MR. X: A good interrogator is a curious and empathetic person. The more intelligent the interrogator, the better. Former analytical experience helps a person “in the booth” because you spend less time having to be fed questions. Aggressiveness and a strong sense of self are also a plus. Finally, mission focus is a huge factor in the make-up of a good interrogator. Interrogating gets mentally exhausting, and if you’re off your game and a smart detainee sees that…you’re done. That’s a huge waste particularly considering everything that likely went into capturing that person.

BRAD: Is there training for an interrogator/what does it consist of?

MR. X: Each military service has its own training. I was schooled by the Marine Corps. I am partial to Marine selection and training of interrogators. There were so few Marine Interrogators; it was a guarded priesthood of sorts. It was the most difficult training I had ever had because there was no room for error. Sleep deprivation was a big part of that training.

You learn all the questioning techniques until you know them inside and out. By the end, you can weave through them with the grace of a Jedi Knight doing swordplay. We even made our own Interrogator Notebooks like a Jedi makes their own light saber. So over a few months, we studied everything from law to report writing and did hundreds of interrogations. The better you were, the less you slept. That’s where mission focus plays a big part. That’s why I think Marines make superior interrogators.

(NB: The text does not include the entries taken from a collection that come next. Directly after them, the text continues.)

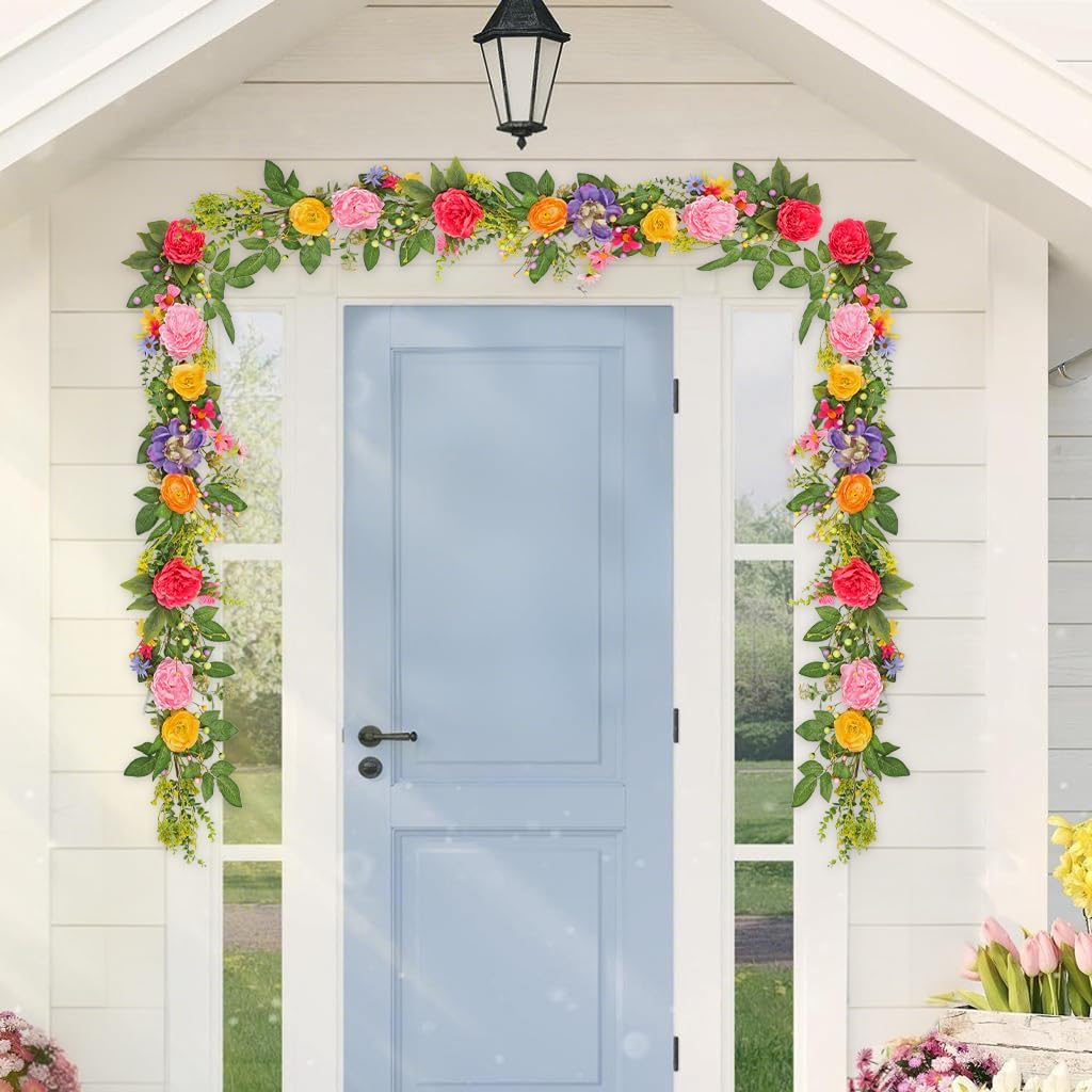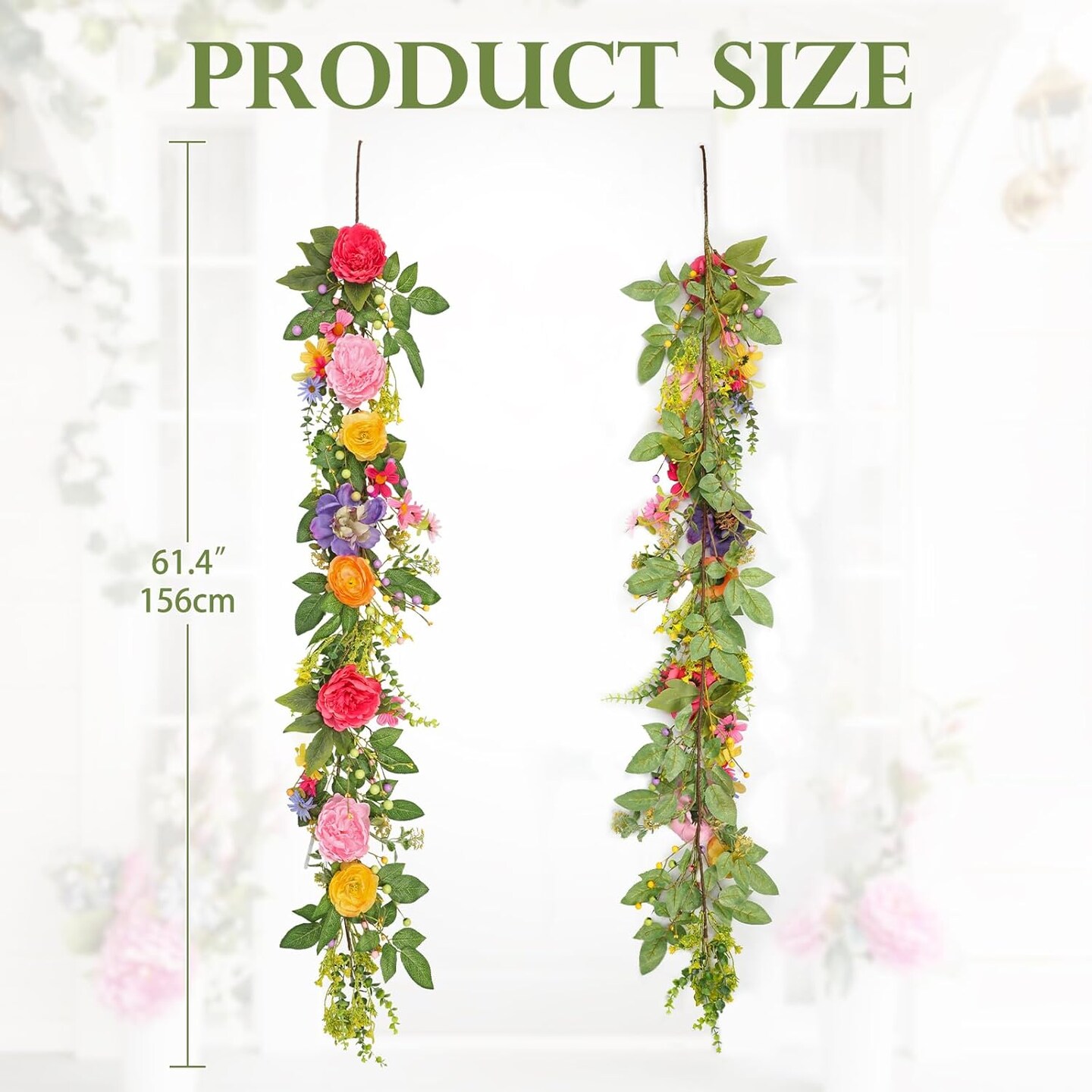 5.17 ft Peony Flower Garland – Spring Floral Faux Greenery for Mantel, Door, Wedding Centerpieces & Table Decorations
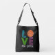 Saco para o transporte de cadáveres legal ou sacola da cruz do basquetebol com a frase "AMOR o jogo." O "o" é substituído por um basquetebol.
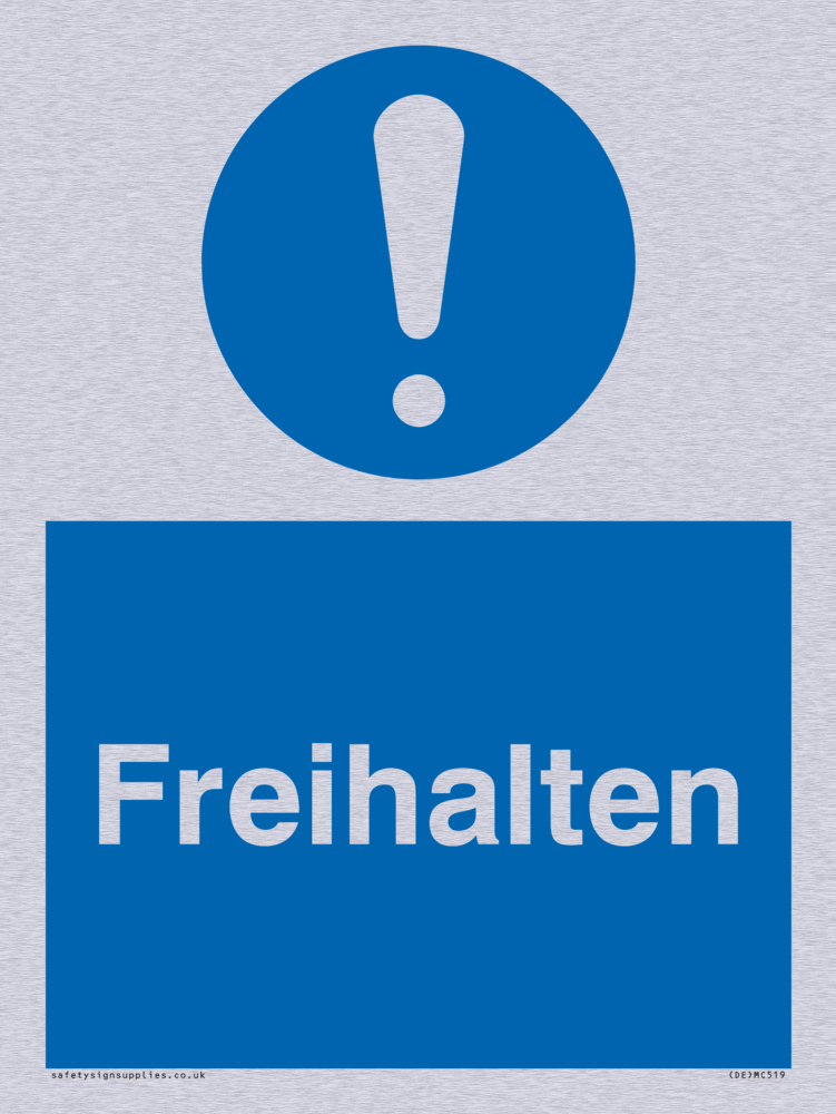 This sign contains a general Mandatory Exclamation Symbol - exclamation mark in white on blue circle background.
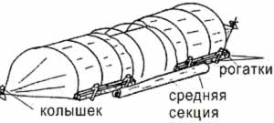 В жаркую погоду на день рогатки вынимаю, пленку сматываю на рейку и укладываю на тропу между грядками. Чтобы пленка оставалась чистой, тропу предварительно посыпаю опилками. На рисунке показана теплица со снятой средней секцией.
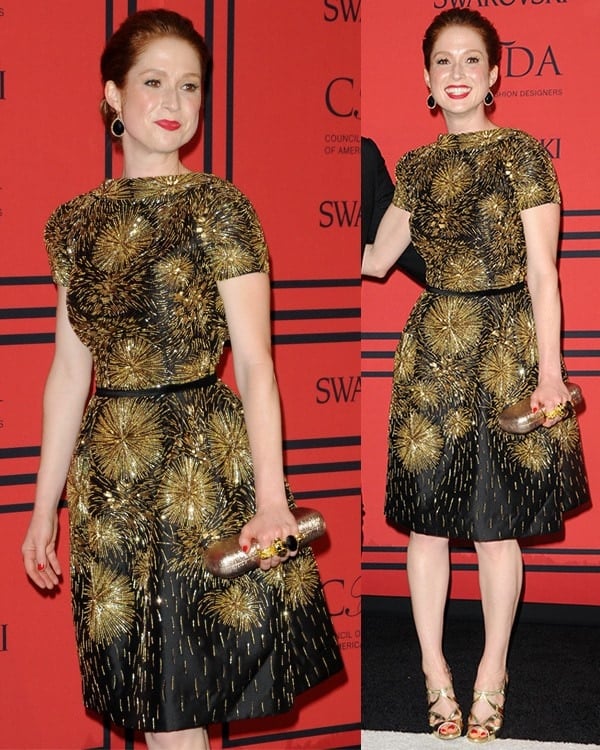 Ellie Kemper looked like a firework in her Naeem Khan Fall 2013 dress. The actress accessorized her black-and-gold beaded dress with black-and-gold earrings and a knuckle clutch, and she finished her look with matching golden heels by Rupert Sanderson.

BRAD: What are some tips my readers can use in extracting information from subjects in their daily lives – whether from colleagues at the office or from children at home?

MR. X: Well, you aren’t supposed to game your family and friends. It’s manipulation and you can become a psychopath if you go down that road. I guess if you really need to know if your spouse, kid or co-worker is lying, focus on the details. Your kid says, “Little Johnny told me.” Okay. Where were you both when he told you? What was he wearing? What was his demeanor like? What kind of car was he driving? Etc. Then wait a little bit. Take the questioning somewhere else and then come back to those questions.

Real stories have emotions and impressions in them. Feelings and thoughts should be interwoven with a real story. It’s the human experience. There are the “I wish I had said that” feelings that sometimes come out as part of the story, but just ask, “What did s/he do when you said that?” and you’ll see a momentary disc spinning as they “compute” an answer. It may last for a fraction of a second but you’ll see it. Caution. If your spouse, friends and kids feel you working them, you’ll be hard pressed to gain their trust back again.

BRAD: I have to ask, what is your favorite Brad Thor novel, and why?

MR. X: I like the Athena Project because of all the fantastic conspiracy theory stuff. What’s better than teleporting Nazis?

BRAD: Do you relate to Scot Harvath in any specific ways?

MR. X: I think a lot of people in Intelligence and Special Ops do these days. Scot Harvath seems to be on the outside a lot and left to his own devices. I relate to that. He maintains his integrity in a corrupt and diseased Roman Empire, which I relate to. Eventually though, we kind of see the light and hang it up so we can focus on mending our psyches and families. Scot seems to hang in there, though. That’s the fiction bit I suppose.